Every market in the acting industry eventually becomes saturated. Kevin Carr wrote an article yesterday about how two-time Oscar winner Hilary Swank is putting on some weight (20-30 pounds) to play the lead role in French Women Don’t Get Fat. Kevin’s argument was that since playing a mentally challenged person is no longer Kosher, a person has to put on weight to be taken seriously as a dramatic force.
News for you Kevin Carr: That market is saturated, too. Shut the flab up.
2001: Renee Zellweger puts on weight, adopts British accent, gets nominated.
2002: Nicole Kidman puts on a little weight and a prosthetic nose, wins Oscar.
2003: Charlize Theron becomes ugly, slightly fatter, wins Oscar.
Since then, no one has been rewarded for such a “gutsy,” “heroic” move. George Clooney put on 30 pounds for Syriana, but everyone knows he won that Oscar because Good Night and Good Luck wasn’t getting any love anywhere else. Marion Cotillard won last year, not because she gained weight and got uglied up (She wore a fatsuit in the film and had award-winning makeup artists at her side), but because she was in a biopic.* That’s what’s “in” these days, Kevin. Philip Seymour-Hoffman, Jamie Foxx, Helen Mirren, Forest Whitaker, and Cotillard all won awards for biopics (while Joaquin Phoenix, Leonardo DiCaprio, and David Strathairn were nominated).
So, in a sense, Swank’s becoming fat (or normal, whichever way you look at it) actually IS gutsy again because it’s going against the trend that Hollywood is currently in. Look what happened to Jared Leto. He gained a ton of weight for Chapter 27 and although people talked about it in the tabloids, the film walked away with only $56,000 from the box office.
Furthermore, let me take a minute and do something we don’t normally do here on FSR and defend a celebrity. Hilary Swank is not an “anorexic-thin actress”–far from it. She’s buff, man. Look at her in Million Dollar Baby. She would kick your ass before and after her paralysis. The aggression you have toward Ms. Swank is uncalled for, especially considering that actresses like Keira Knightley are half her size. Point to a muscle on Paris Hilton–find one, I challenge you. Swank is an actress that takes care of herself. She’s also an actress that likes to invest in a role physically. Actors and actresses know that to really become a character you may have to change your body type. People do it all the time–Christian Bale lost a dangerous amount of weight for The Machinest and then showed up on the Batman set with 50 extra pounds of muscle. Some people are just devoted and equate characterization with physical change. As actors, they are entitled to do so, and as the audience, we appreciate it when they do.

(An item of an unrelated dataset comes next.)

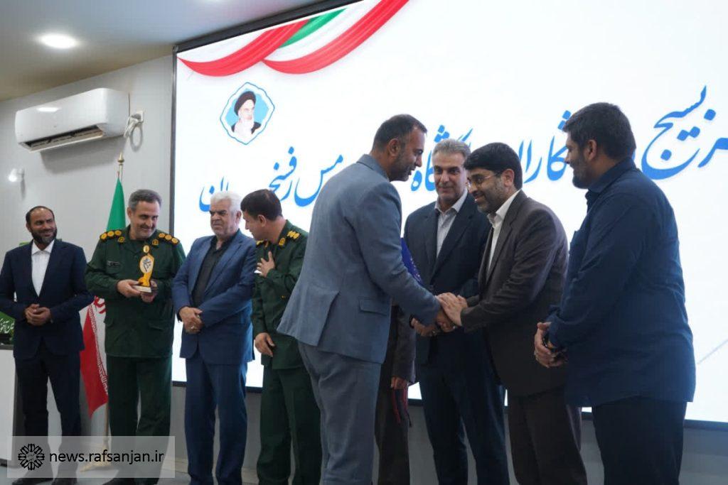 به گزارش پایگاه اطلاع رسانی شهرداری رفسنجان، این تقدیر از سوی کانون بسیج ورزشکاران و به پاس تلاشها و حمایتهای مستمر شهردار رفسنجان در زمینه گسترش زیرساختهای ورزشی و توسعه فعالیتهای ورزشی در سطح شهر انجام شد.

Hilary Swank is not the problem here, Kevin. It’s people like you in the media who create this double-standard for performers. Putting on weight? Well you’re obviously trying to show us how you can be “in touch” with normal people. Losing too much weight? Well now you’re just trying to fit into a Hollywood mold. Can’t we just agree that Ms. Swank is a gifted and talented actress? Can’t we single her out for being a two-time Oscar winner yet she still does absolute crap like The Reaping or The Core? There’s no reason to point out an actress for something as trivial as their weight when there’s plenty of material in what films they make. We’re not US Magazine here–weight is weight, and if it translates to the finished production then it doesn’t even matter anyway.
Besides, she’ll probably be nominated for playing Amelia Earhart in an upcoming biopic than playing some fat, French broad, anyway.
* I don’t consider The Hours or Monster as biopics, because even though they represent real-life people, Virginia Woolf was a recluse and not a public figure and Aileen Wuornos was a serial killer who was on the news for awhile. Neither is prolific or as major as Queen Elizabeth or Ray Charles.